--- INPUT RECORDS ---

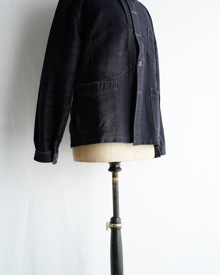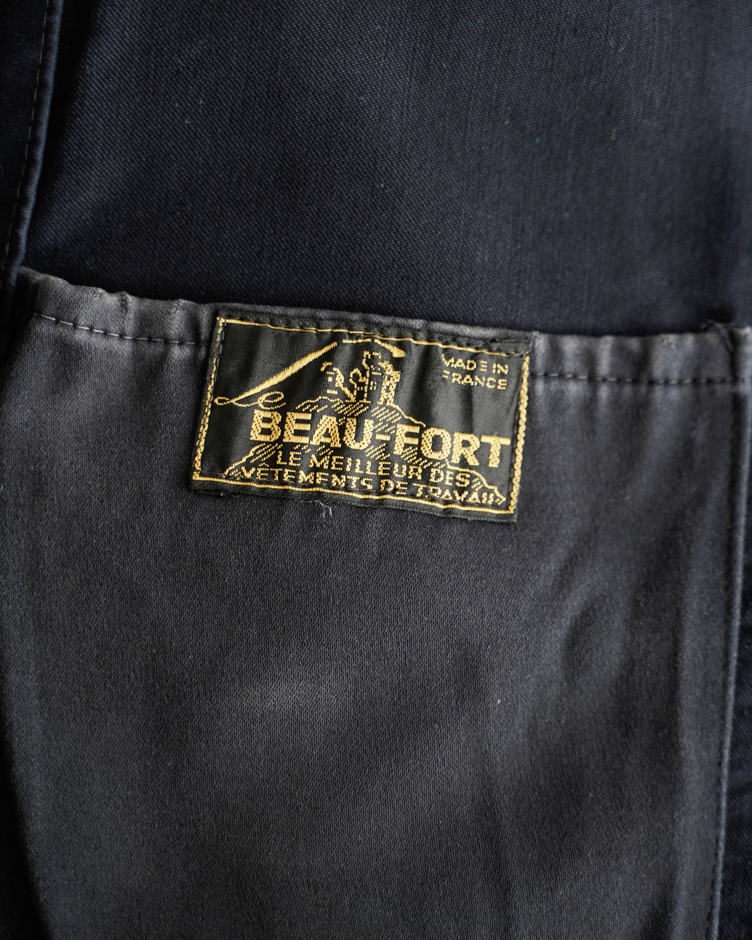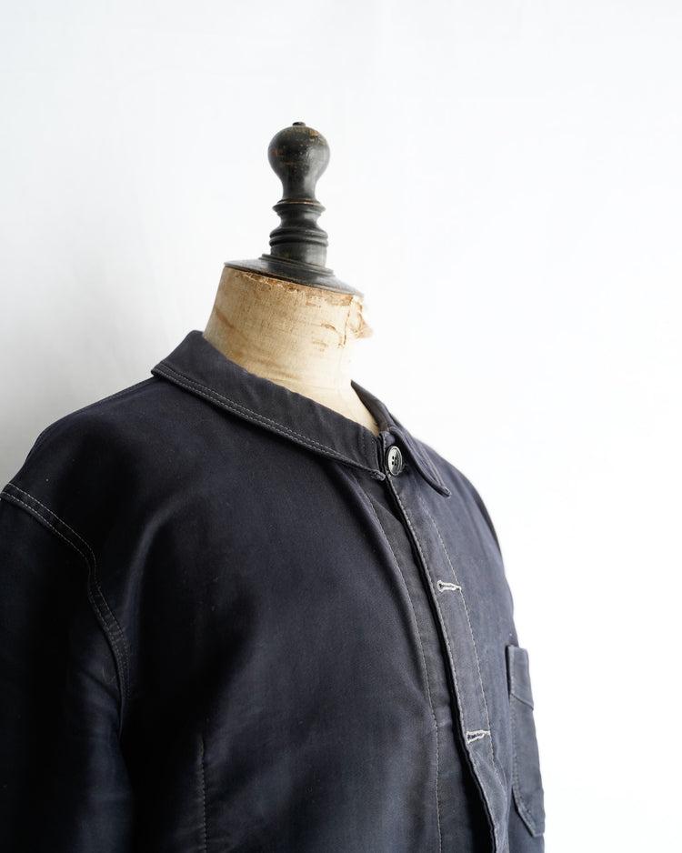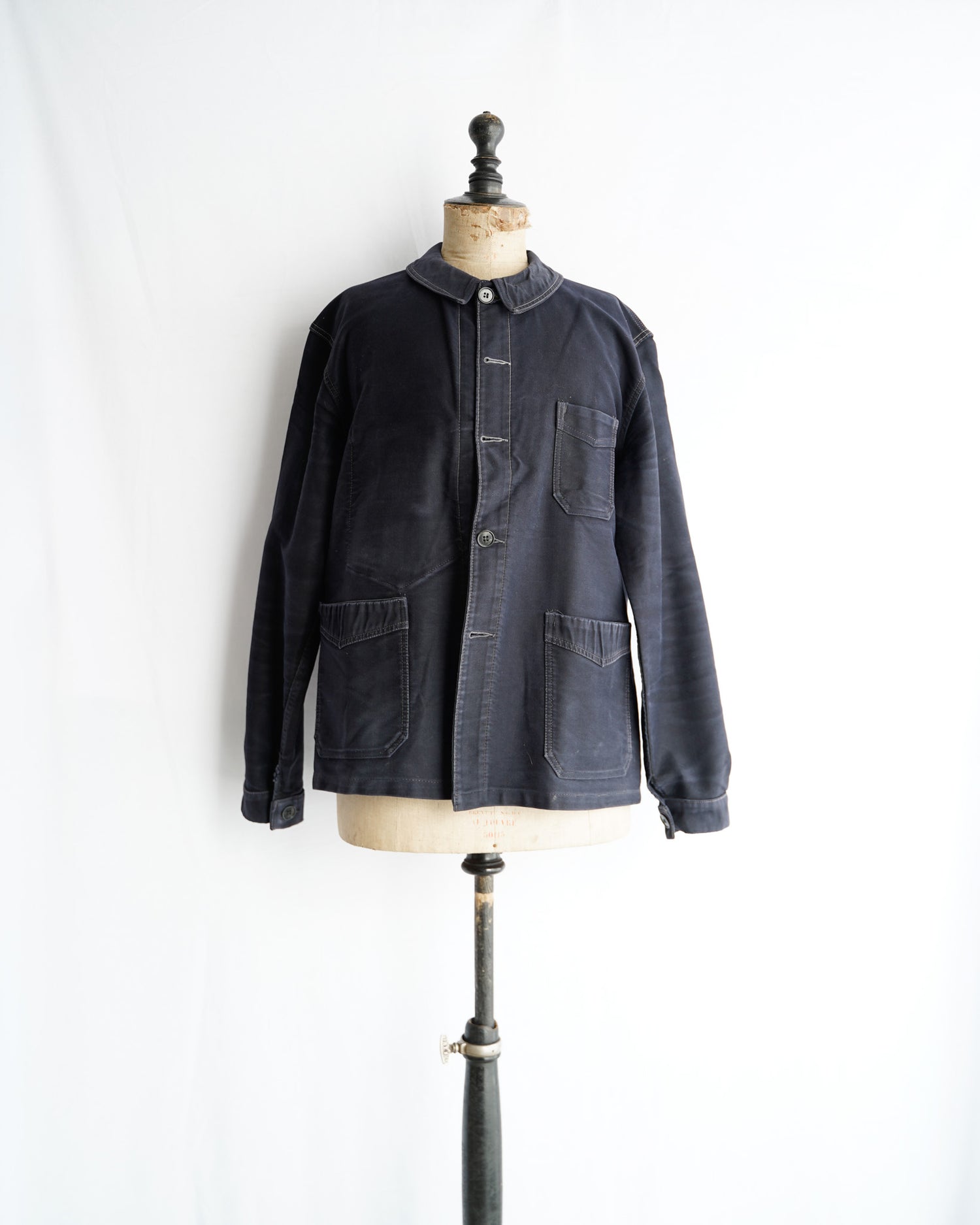 1940's French Vintage "BEAUFORT" Black moleskin Work Jacket "V pocket"
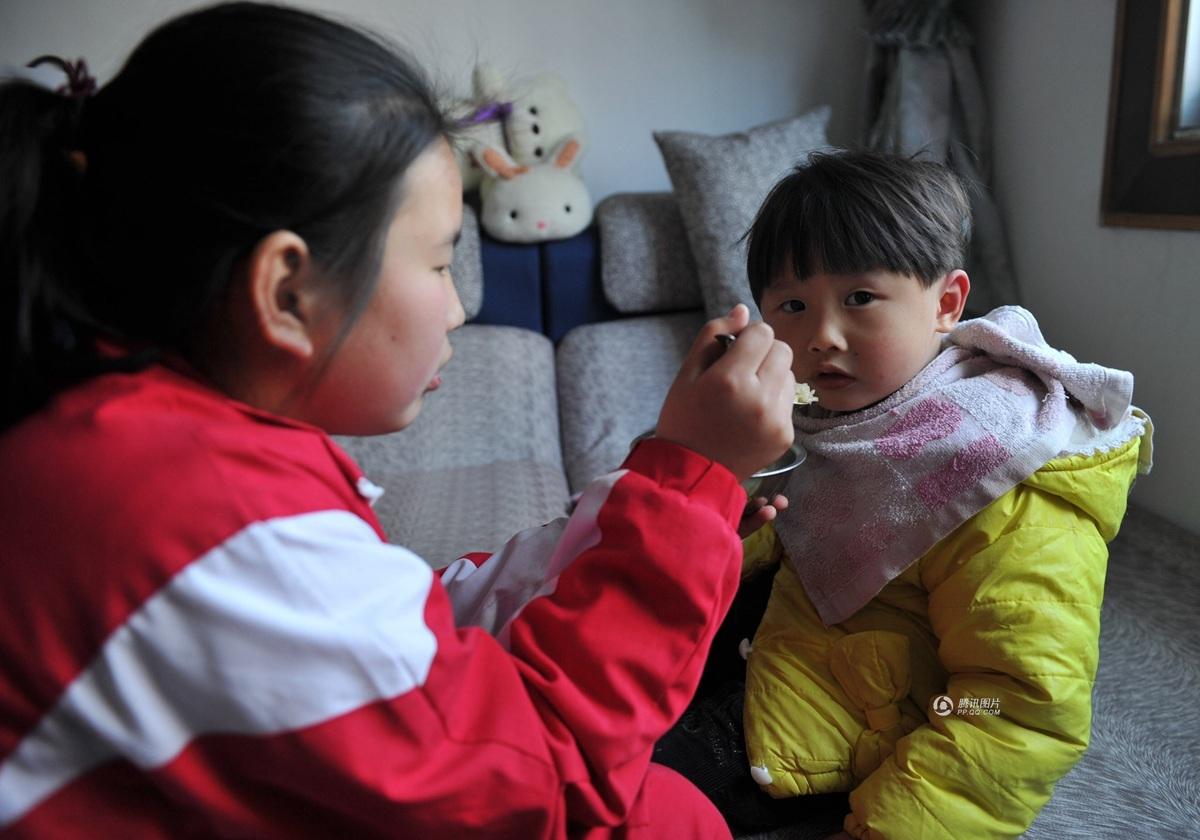 不愿意放弃的徐建华,带着女儿去了北京大学第一医院。在那里,徐雅婷被编号为MLD40,即该院接受的来自全国的第40名异染性脑白质营养不良患者。图为因为智力和手脚能力蜕化,4岁的雅婷每顿饭都要人喂。
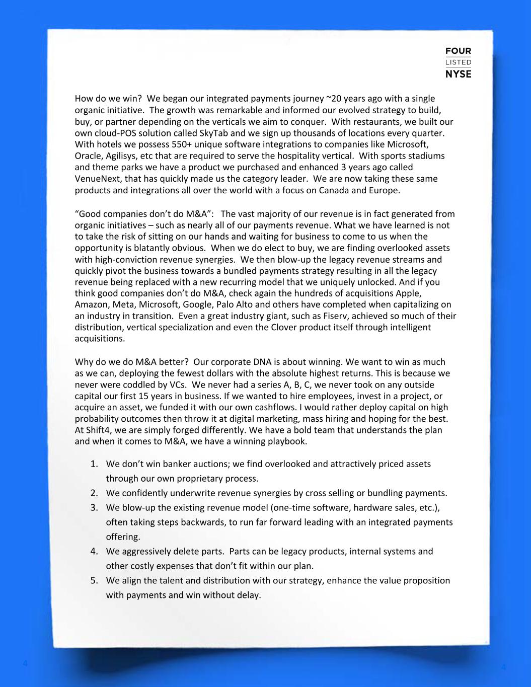 4 4 Jared Isaacman CEO jared@shift4.com circulated via email ongoing changes being circulated via email from: word doc v13 How do we win? We began our integrated payments journey ~20 years ago with a single organic initiative. The growth was remarkable and informed our evolved strategy to build, buy, or partner depending on the verticals we aim to conquer. With restaurants, we built our own cloud-POS solution called SkyTab and we sign up thousands of locations every quarter. With hotels we possess 550+ unique software integrations to companies like Microsoft, Oracle, Agilisys, etc that are required to serve the hospitality vertical. With sports stadiums and theme parks we have a product we purchased and enhanced 3 years ago called VenueNext, that has quickly made us the category leader. We are now taking these same products and integrations all over the world with a focus on Canada and Europe. “Good companies don’t do M&A”: The vast majority of our revenue is in fact generated from organic initiatives – such as nearly all of our payments revenue. What we have learned is not to take the risk of sitting on our hands and waiting for business to come to us when the opportunity is blatantly obvious. When we do elect to buy, we are finding overlooked assets with high-conviction revenue synergies. We then blow-up the legacy revenue streams and quickly pivot the business towards a bundled payments strategy resulting in all the legacy revenue being replaced with a new recurring model that we uniquely unlocked. And if you think good companies don’t do M&A, check again the hundreds of acquisitions Apple, Amazon, Meta, Microsoft, Google, Palo Alto and others have completed when capitalizing on an industry in transition. Even a great industry giant, such as Fiserv, achieved so much of their distribution, vertical specialization and even the Clover product itself through intelligent acquisitions. Why do we do M&A better? Our corporate DNA is about winning. We want to win as much as we can, deploying the fewest dollars with the absolute highest returns. This is because we never were coddled by VCs. We never had a series A, B, C, we never took on any outside capital our first 15 years in business. If we wanted to hire employees, invest in a project, or acquire an asset, we funded it with our own cashflows. I would rather deploy capital on high probability outcomes then throw it at digital marketing, mass hiring and hoping for the best. At Shift4, we are simply forged differently. We have a bold team that understands the plan and when it comes to M&A, we have a winning playbook. 1. We don’t win banker auctions; we find overlooked and attractively priced assets through our own proprietary process. 2. We confidently underwrite revenue synergies by cross selling or bundling payments. 3. We blow-up the existing revenue model (one-time software, hardware sales, etc.), often taking steps backwards, to run far forward leading with an integrated payments offering. 4. We aggressively delete parts. Parts can be legacy products, internal systems and other costly expenses that don’t fit within our plan. 5. We align the talent and distribution with our strategy, enhance the value proposition with payments and win without delay.
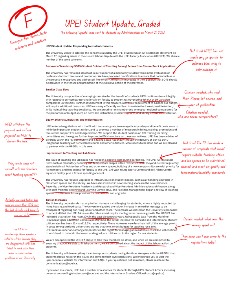 Recently, UPEI Administration sent a message to UPEI students that purports to address students’ concerns around negotiations. We believe this message is misleading and have marked it accordingly.
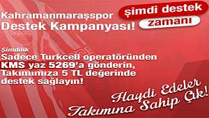 Kahramanmaraşspor'a Sms destek kampanyasına katılmak için KMS yazıp 5269'a
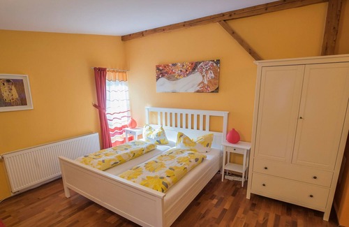 Das schöne 1-Zimmer-Appartement ist ausgestattet mit einer Küchenzeile (E-Herd, Kühlschrank, Küchenutensilien, Geschirr), einem Badezimmer (Dusche, WC) und einem Wohn- und Schlafbereich mit Doppelbett. Gerne wird Ihnen ein reichhaltiges Frühstück serviert, sofern Sie sich nicht selbst verpflegen wollen. Ein kostenloser WLAN-Zugang steht natürlich zur Verfügung. In unserem fränkischen Hofgarten können Sie gemütlich sitzen und den Tag bei einem Schoppen Frankenwein oder einem Bier aus der Region ausklingen lassen. Egal, ob Radler, Motorradfahrer, Wanderer, Urlauber, Schüler, Praktikant oder Arbeitnehmer. Sie sind herzlich Willkommen.

---

> _WHAT TO WORK ON_: An acceptable answer holds exactly the lines from the one with "Kahramanmaraşspor'a Sms destek" through the end of the entries above, both ends kept, and no pictures at all.

> _OUTPUT OF THE TASK_:
 Kahramanmaraşspor'a Sms destek kampanyasına katılmak için KMS yazıp 5269'a
 Das schöne 1-Zimmer-Appartement ist ausgestattet mit einer Küchenzeile (E-Herd, Kühlschrank, Küchenutensilien, Geschirr), einem Badezimmer (Dusche, WC) und einem Wohn- und Schlafbereich mit Doppelbett. Gerne wird Ihnen ein reichhaltiges Frühstück serviert, sofern Sie sich nicht selbst verpflegen wollen. Ein kostenloser WLAN-Zugang steht natürlich zur Verfügung. In unserem fränkischen Hofgarten können Sie gemütlich sitzen und den Tag bei einem Schoppen Frankenwein oder einem Bier aus der Region ausklingen lassen. Egal, ob Radler, Motorradfahrer, Wanderer, Urlauber, Schüler, Praktikant oder Arbeitnehmer. Sie sind herzlich Willkommen.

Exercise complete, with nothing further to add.